As for the evaluation of recovery of the assay, different volumes of quantity control serum were added to the two clinical samples (the volume of quantity control serum was <10% of the total volume). Concentrations of clinical samples, quantity control serum samples, and final serum samples were measured, and the recovery rate (RR) was calculated using the formula, RR = [C × (V0 + V) − C0 × V0]/(V × Cs) × 100%, where V was the volume of control serum, V0 was the volume of the clinical sample, C was the predicted value of the final serum sample, C0 was the predicted value of the clinical sample, and Cs was the value of the quantity control serum sample.

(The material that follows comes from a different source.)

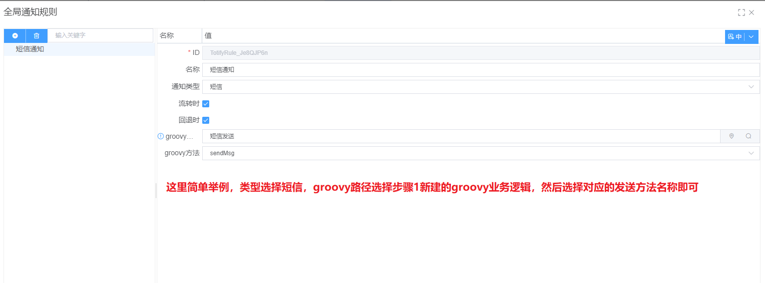 ## 短信通知 ### 短信环境配置: 注意:目前是配置在application.yml文件,后续会更改,若发现无法使用,请及时查看文档更改 华为: ``` zhc: #短信模块 sms: #服务类型,默认为zhc service: huaWei #短信域名,必填,例:http(s)://服务器的域名[:端口] huawei_host: #短信地址,必填 huawei_path: #APP_Key,必填 huawei_key: #APP_Secret,必填 huawei_secret: #国内短信签名通道号或国际/港澳台短信通道号,必填 huawei_sender: #模板ID,必填 huawei_tmpid: #签名名称,必填 huawei_signature: #选填,短信状态报告接收地址,推荐使用域名,为空或者不填表示不接收状态报告,若不需要,该项不配置即可 huawei_scback: ``` 阿里云官方: ``` zhc: #短信模块 sms: #服务类型,默认为zhc service: aliyun #访问ID,默认为空 access_id: #访问密钥,默认为空 access_secret: #端点(一般不会变,默认为:dysmsapi.aliyuncs.com) endpoint: #签名 sign_name: #模板编码 template_code: #模板参数 template_param: ``` 阿里云第三方: ``` zhc: #短信模块 sms: #服务类型,默认为zhc service: zhc #验证码格式,默认为空 ,例:【海创云】验证码:%s,5分钟内有效! captcha_fmt: #短信域名,必填,例:http(s)://服务器的域名[:端口] app_host: #短信地址,必填 app_url: #短信密钥,必填 app_code: ``` ### 流程短信通知操作步骤: ------------ 1.新建短信groovy业务逻辑,如图:  2.编写groovy逻辑 ```groovy import com.alibaba.fastjson.JSON; import com.alibaba.fastjson.JSONArray; import com.alibaba.fastjson.JSONObject; import com.zhc.eap.model.entity.groovy.Entity; import com.zhc.eap.service.IJavaService; import com.zhc.eap.util.MD5Util; import javax.servlet.http.HttpServletRequest; import javax.servlet.http.HttpServletResponse; import java.util.HashMap; import java.util.List; import java.util.Map; import com.zhc.eap.funclib.*; import com.system.util.SystemLogsHelper; import com.zhc.eap.util.ExceptionUtil; import org.slf4j.Logger import org.slf4j.LoggerFactory import com.zhc.eap.model.entity.IWebEntity; import com.zhc.eap.context.SpringContextUtils; import com.zhc.eap.service.sms.SmsService; import com.zhc.eap.service.Impl.FlowDataHandle class DuanXinFaSong { private Logger logger = LoggerFactory.getLogger("DuanXinFaSong.groovy") //logger.info("日志信息"); 输日志 //com.zhc.eap.util.ExceptionUtil.throwMessage(entityCo.get("controlDesc")); 抛异常 //event-placeholder /** * 获取数据集列表案例: * JSONArray array = (JSONArray) map.get("mainParams") * List<Map<String, Object>> list = FlowDataHandle.getInstance().query(array) * * 获取单号:map.get("fordernumber") */ public void sendMsg(Map<String, Object> map){ //1.获取短信通知类 SmsService smsService = SpringContextUtils.getBean(SmsService.class); //2.获取接收者用户信息 List<Map<String, String>> usrInfo = map.get("usrInfo"); //3.循环遍历发送短信 for (Map<String, String> item : usrInfo) { //获取接收者手机号码 String fmbphone = item.get("fmbphone"); //发送内容,注意:这里只是简单举例,具体发送内容请自行定义模板,模板内容在第三方供应商注册 String context = "你有一条任务待处理,流程名称:"+map.get("fpdisplayname")+",环节名称:"+map.get("fdisplayname"); //使用系统工具类发送短信 smsService.sendSms(fmbphone,context); //若不想使用系统工具类发送,可以自定义调用第三方接口发送 } } } ``` ------------ **注意:此处拷贝《方法》和《导入包》即可,类名之类的每个groovy不同,因此不要一股脑全部拷贝** ------------ 3.流程配置,可以配置全局通知,也可以配置环节通知,具体以需求为准,如图:

The interference experiment was conducted by comparing detection results of 15 serum samples with/without interfering substances (37 mmol/L of triglyceride, 342 μmol/L of bilirubin, and 3 g/L of hemoglobin) according to CLSI document EP07‐A2,19 with an allowable bias of 10%.

Statistical analysis

All analyses were performed using SPSS statistical software for Windows, version 17.0 (SPSS) and GraphPad Prism software (GraphPad). Intra‐ and inter‐assay components of error were calculated with a fully nested analysis of variance. Regarding the RI, according to CLSI document C28‐A3,20 the D/R ratio was used in the estimation of the reference value, where D was the absolute difference between an extreme observation (large or small) and the next largest (or smallest) observation, and R was the range of all observations (extreme values included). Only when the value of D was less than one/third of the value of R, could we keep all the values in the establishment of the RI. If not, the extreme observation was deleted and the data were estimated again by the mentioned ratio. The Shapiro‐Wilk normality test was used to evaluate whether the data were normally distributed. The correlation between age and serum vitamin B12 was assessed by Spearman's rank correlation coefficient. The samples were firstly divided into different gender and age groups. Then according to Harris‐Boyd's method, the z values with the standard deviation and a calculated z for two groups to determine whether each group is sufficient different statistically to its own grouping. If the results of Harris‐Boyd's test did not demonstrate partition, the subgroup should be combined.21 Together with that, analysis of difference between sex and age was conducted using one‐way analysis of variance, the Mann‐Whitney U test, or the Kruskal‐Wallis test, as appropriate. The RI was calculated using the 2.5th percentile for the low reference limit and the 97.5th percentile for the high reference limit. A value of P < .05 was defined as statistically significant.

RESULTS

Regarding the linearity of the system, the results showed that the percentage deviations of all dilutions were <8.33%, which indicated good linearity of the commercial kit (See Figure S1 and Table S1).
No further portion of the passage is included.